▸ Exercise description
Both the line containing "Model: 953-07 Data" and the line containing "Máy làm sữa" belong to the span. Output exactly that span from the listing below, and nothing outside it.

▸ Provided records
>>>

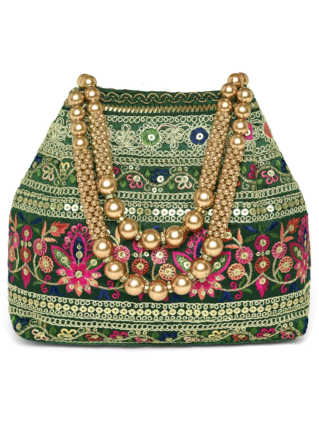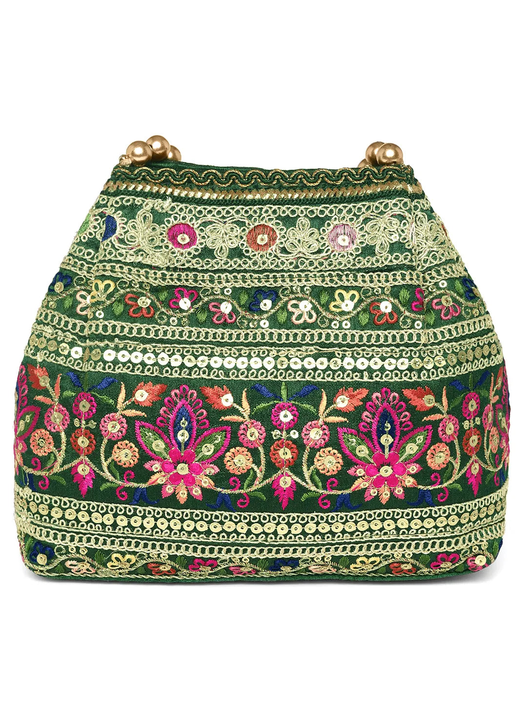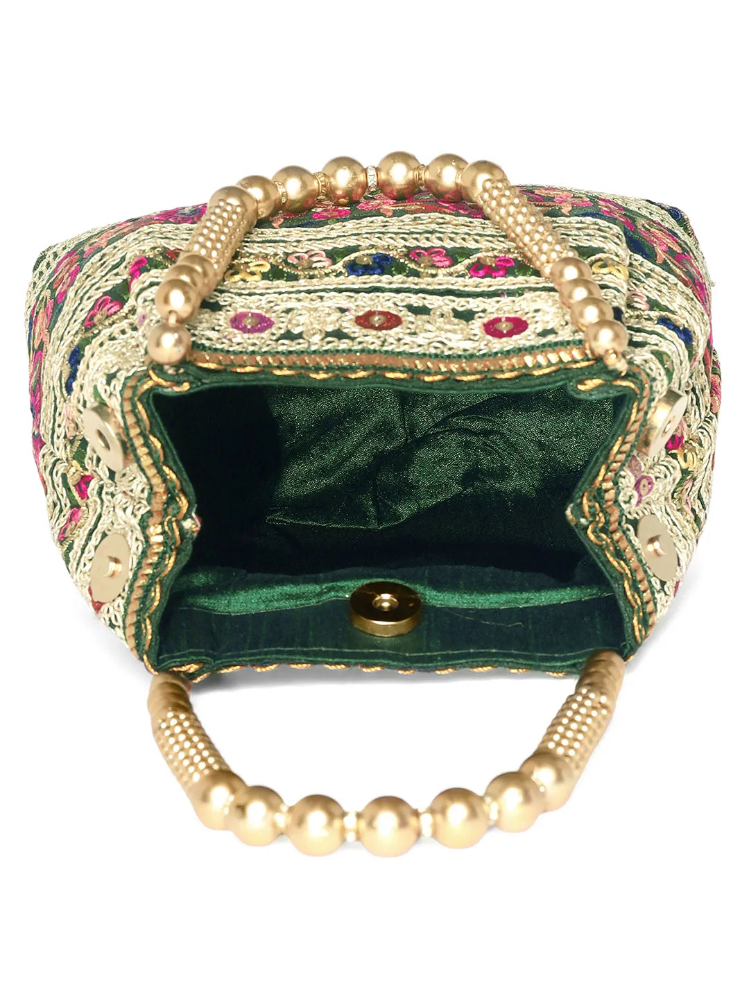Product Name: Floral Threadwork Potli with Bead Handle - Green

<<<
>>>

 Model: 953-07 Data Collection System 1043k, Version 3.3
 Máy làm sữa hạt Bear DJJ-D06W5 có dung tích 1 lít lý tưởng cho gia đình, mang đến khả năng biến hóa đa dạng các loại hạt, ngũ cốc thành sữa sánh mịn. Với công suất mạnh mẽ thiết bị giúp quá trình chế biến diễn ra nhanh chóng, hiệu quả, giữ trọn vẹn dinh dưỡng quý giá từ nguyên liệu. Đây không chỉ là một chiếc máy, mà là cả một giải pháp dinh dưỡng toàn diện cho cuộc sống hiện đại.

<<<

▸ Exercise output
 Model: 953-07 Data Collection System 1043k, Version 3.3
 Máy làm sữa hạt Bear DJJ-D06W5 có dung tích 1 lít lý tưởng cho gia đình, mang đến khả năng biến hóa đa dạng các loại hạt, ngũ cốc thành sữa sánh mịn. Với công suất mạnh mẽ thiết bị giúp quá trình chế biến diễn ra nhanh chóng, hiệu quả, giữ trọn vẹn dinh dưỡng quý giá từ nguyên liệu. Đây không chỉ là một chiếc máy, mà là cả một giải pháp dinh dưỡng toàn diện cho cuộc sống hiện đại.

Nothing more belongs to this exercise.